Required action
Please keep pictures out and return the lines below exactly, from the one holding "Πρόκειται για κινητήρα, με" through the last, both included.

(Collected data Opens)

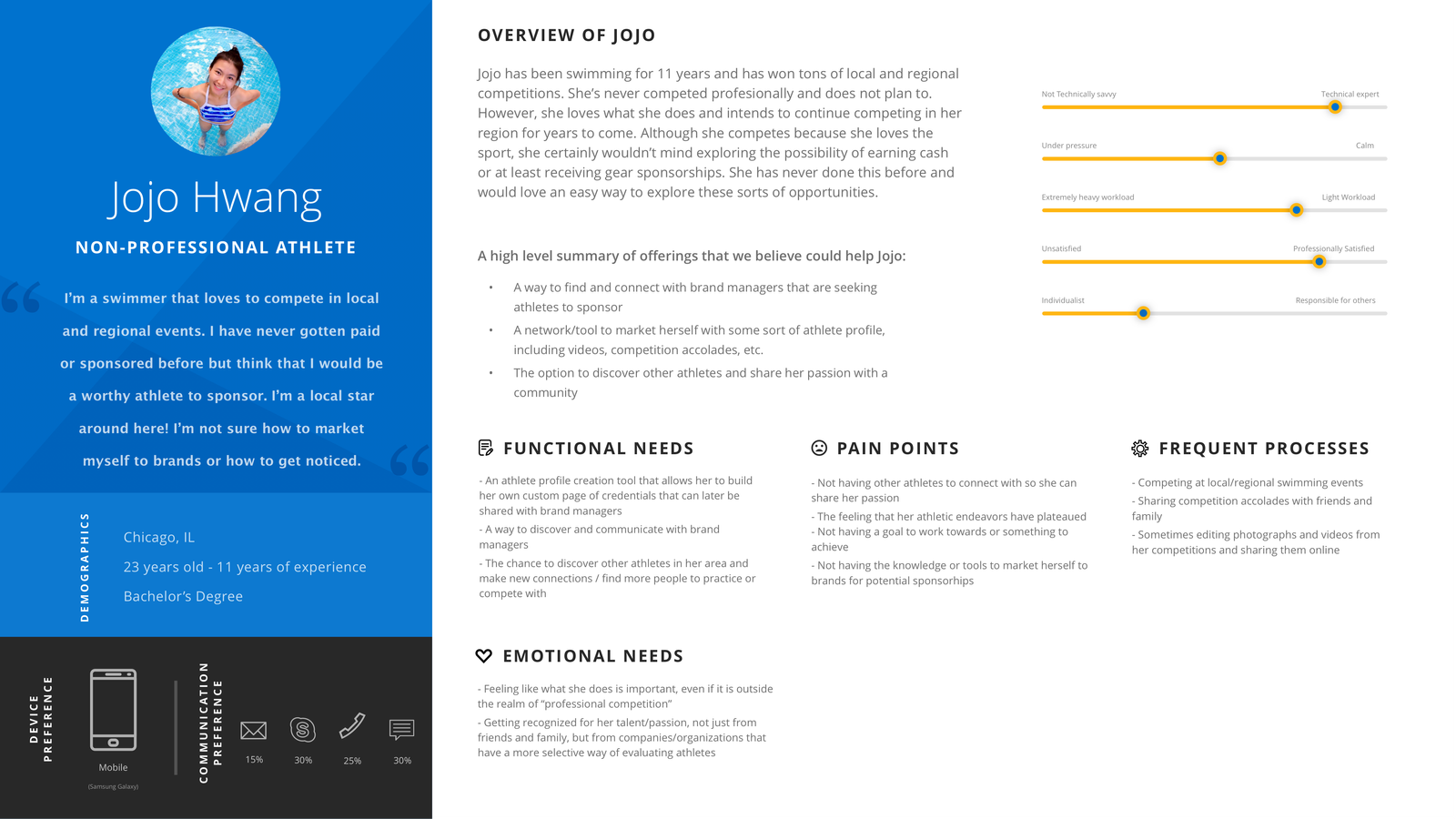 With brand managers, I tried to find out why they take certain steps, like how they define sponsorship goals, who they interact with throughout that process, and the tools that they currently use to seek out, communicate with, and contract athletes. What were their motivations and end goals?
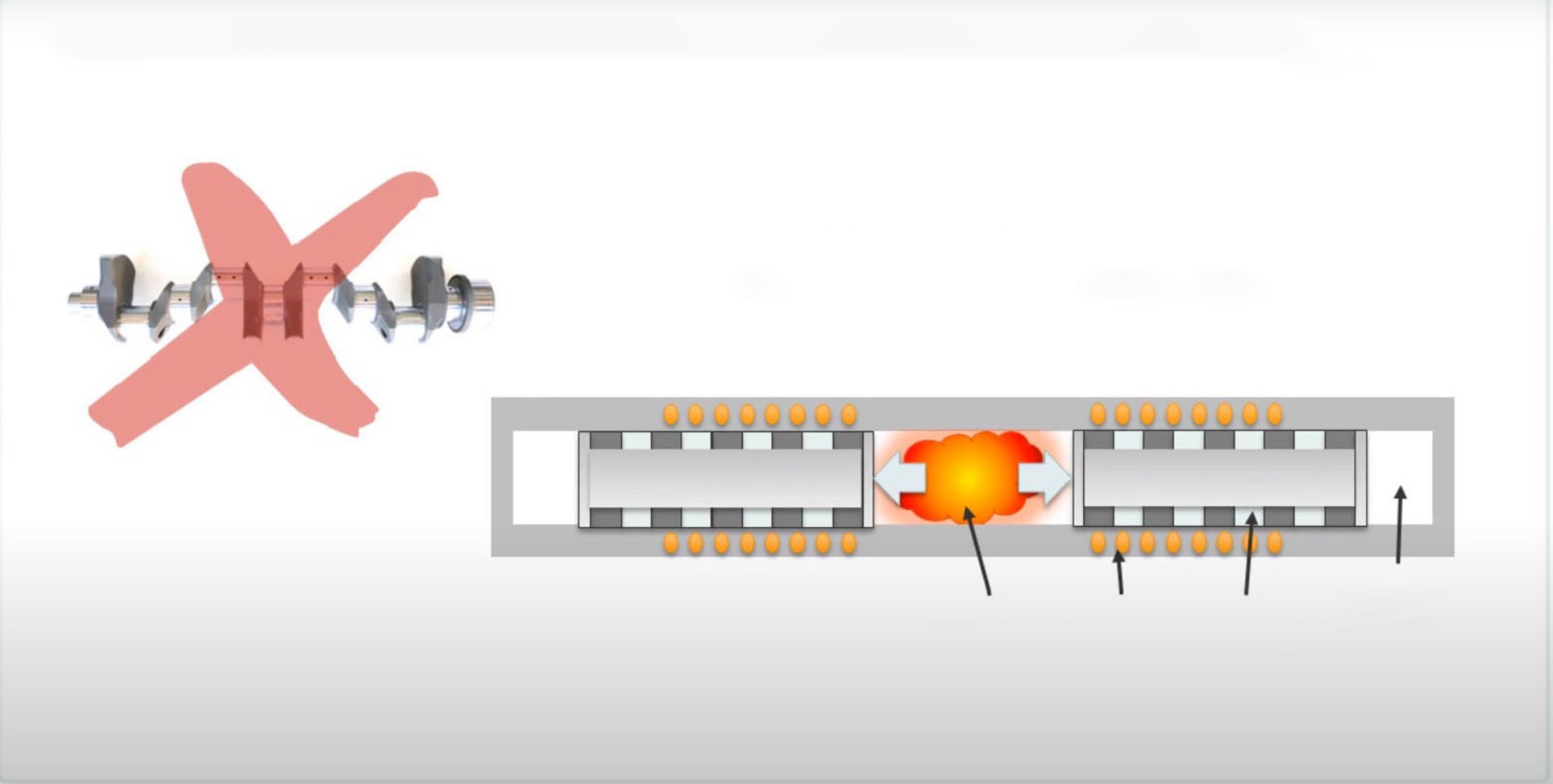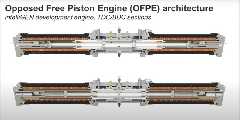 Πρόκειται για κινητήρα, με «ελεύθερα», ομοαξονικά και κινούμενα με αντίθετη φορά έμβολα, που ανά δύο μοιράζονται έναν κοινό θάλαμο καύσης και κατά την παλινδρομική τους κίνηση δεν παράγουν ροπή, αλλά κινούν άξονες εξοπλισμένους με μαγνήτες για την απευθείας παραγωγή ηλεκτρικού ρεύματος.
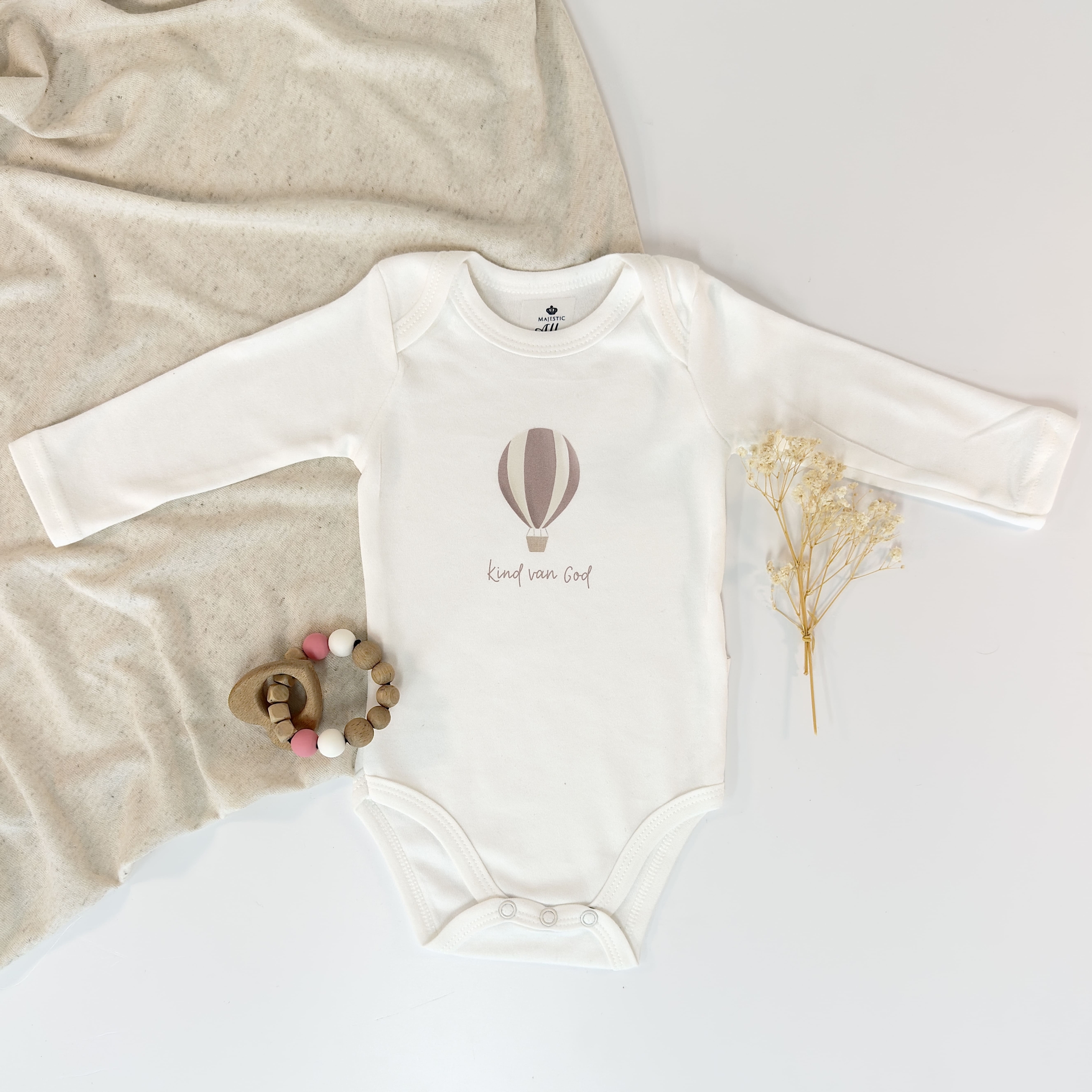 Dit schattige witte rompertje is bedrukt met de bemoedigende tekst ‘Kind van God’ en een sierlijke roze luchtballon. Gemaakt van zacht, ademend katoen en voorzien van een handige drukknoopsluiting voor extra gemak.

(Collected data Closes)

Solved exercise
 Πρόκειται για κινητήρα, με «ελεύθερα», ομοαξονικά και κινούμενα με αντίθετη φορά έμβολα, που ανά δύο μοιράζονται έναν κοινό θάλαμο καύσης και κατά την παλινδρομική τους κίνηση δεν παράγουν ροπή, αλλά κινούν άξονες εξοπλισμένους με μαγνήτες για την απευθείας παραγωγή ηλεκτρικού ρεύματος.
 Dit schattige witte rompertje is bedrukt met de bemoedigende tekst ‘Kind van God’ en een sierlijke roze luchtballon. Gemaakt van zacht, ademend katoen en voorzien van een handige drukknoopsluiting voor extra gemak.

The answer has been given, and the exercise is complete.